A few months ago, I decided I wanted to find this taste.

(Tangent: In fact, I found this taste one other time in my life:

Picture this (I promise this picture this will be shorter than the last): Tucson, Arizona. Around the turn of the century.

I drank a bottle of Pacifico. A Mexican beer. It had the taste. I verified with my brother, who I was visiting. IT HAD THE TASTE!!

Alas, there is no Pacifico in Ontario.)

***
Sidebar:
For future reference, and to explain the name of this blog, I call this taste Braü.

When I was growing up, every so often, my dad would make this very guttural sound that can’t be spelled but that I’m approximating as “Braü.” He’d usually be in the basement, which I’ve since learned, is absolutely the best place to Braü. The room, suddenly, would be engulfed in the smell version of that indescribable beer taste mentioned earlier. The room would SMELL like O’Keefe TASTED!

Without fail, no matter where she was in the house, and I have no idea why other than it was hilarious, my mom would, without skipping a beat and no matter what she would be doing, say “Bra-woo’s back in town.” (Bra-woo is an alternate spelling I agonized with, but decided on Braü since it kind of looks like “Brew” and I thought it would make a cooler title for the blog.)
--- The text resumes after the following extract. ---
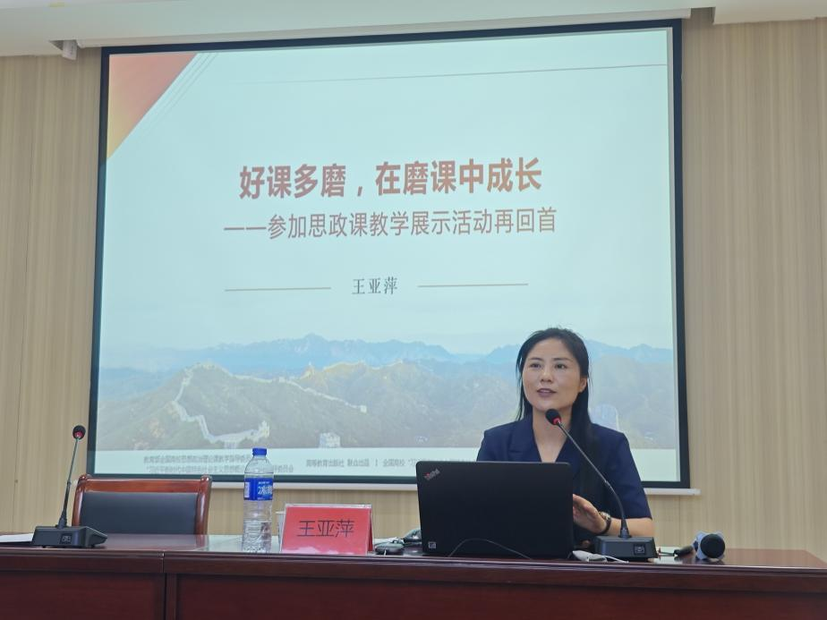 刘双作总结时讲到,感谢王老师的倾囊相授,王老师讲课生动精彩,这次授课,对我院思政课教师展示了高超的方法和精湛的讲课工艺,清晰严谨的逻辑思路,使教师们感到差距、看清前路。并鼓励老师们以王老师为榜样,戒骄戒躁,认真磨课,深耕课堂,争取在生活中、实践中渗透家国情怀,彰显思政课教师职业素养,做一名合格的思政课教师。(编辑:王琪 审核:刘双)

As kids, we didn’t pick up the disdain in our mom’s voice until much later…
***

OK – back to the present. Long story short: I’m on a beer quest. An odyssey. I’m obsessed.

Maybe this is happening to me now because I became a dad for the first time last December. Maybe “Dad” and “beer” are so twisted together in my brain that, in some mixed up way, it feels you can’t have one without the other.

Maybe I’m trying to reach out to my dad through beer.

Maybe a home isn’t complete without Braü wafting through the air.

Maybe I’m just really stressed out because I haven’t slept since December and I need a drink…

Braü represents something to me. Fatherhood perhaps… Maybe I’m searching for something authentic, going back to my childhood...

Whatever the reason, I’ve started tasting all the beers I can get my hands on. I’ve started reading. I’ve started learning.

This blog will chronicle my odyssey in beer.